Ho iniziato a rivolgere l’obiettivo verso di me, e attraverso degli scatti continui potevo ripetere quello che avveniva in casa , io alla guida e tutto ciò che veniva impresso attraverso i finestrini dell’auto, dall’obiettivo.

A questo punto non cercavo la nitidezza, ma volevo continuare a rappresentare il momento con il mosso e lo sfocato. Ho sfruttato le luci delle automobili, in alcuni casi ho illuminato luoghi con i fari della mia macchina.

Non cercavo l’elemento umano, e se entrava nello scatto era comunque confuso poco nitido.

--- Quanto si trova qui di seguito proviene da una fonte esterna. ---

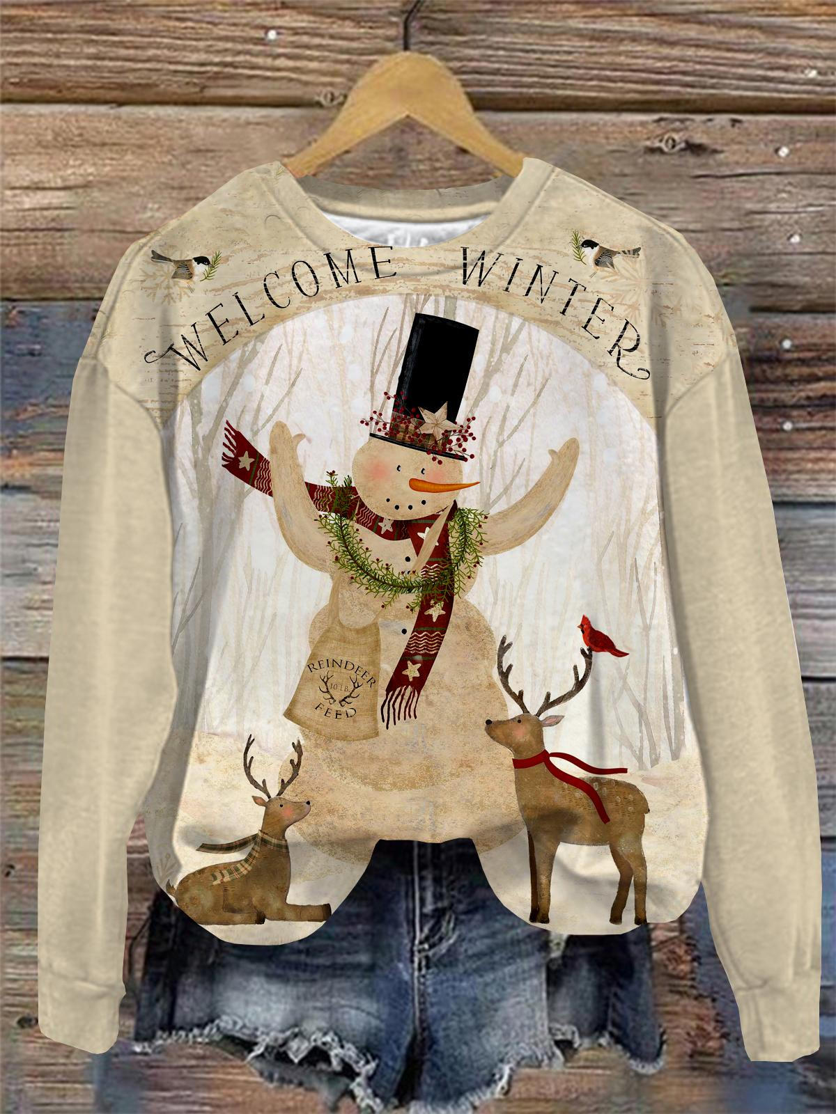 Snowman Deer Print Round Neck Long Sleeve Top$28.34 USD -

Questo progetto è ancora in corso, sicuramente ancora in evoluzione e rappresenta tutti i momenti di passaggio della mia vita, la mia crescita e i miei cambiamenti.

L’autrice

Roberta Pastore è nata e vive a Roma. Inizia a fotografare negli anni ’90, portando avanti progetti fotografici in stile reportagistico sulla società e le sue problematiche. Il contatto con le persone e con la strada le danno la possibilità di catturare momenti significativi con un grande interesse verso gli aspetti politico-sociali, e questo la porta a documentare nel primo decennio del 2000 gli anni di fermento operaio e studentesco. Nel 2014 inizia una ricerca si approccia all’autoritratto come autoanalisi, cercando di far emergere attraverso la fotografia le emozioni e i sentimenti più intimi, mettendo poi in relazione il corpo con la sua città di origine, Roma e intraprendendo un viaggio attraverso le strade e i quartieri con la sua compagna di viaggio, una RicohGR3. Nel 2022 realizza la sua prima fanzine sul progetto “The longest way , the gloomiest night”. Successivamente pubblica con Psicografici editore una monografia dal titolo 10 S (10 secondi, il tempo dell’autoscatto) dove vengono raccolti molti dei sui autoritratti ambientati nei luoghi a lei familiari.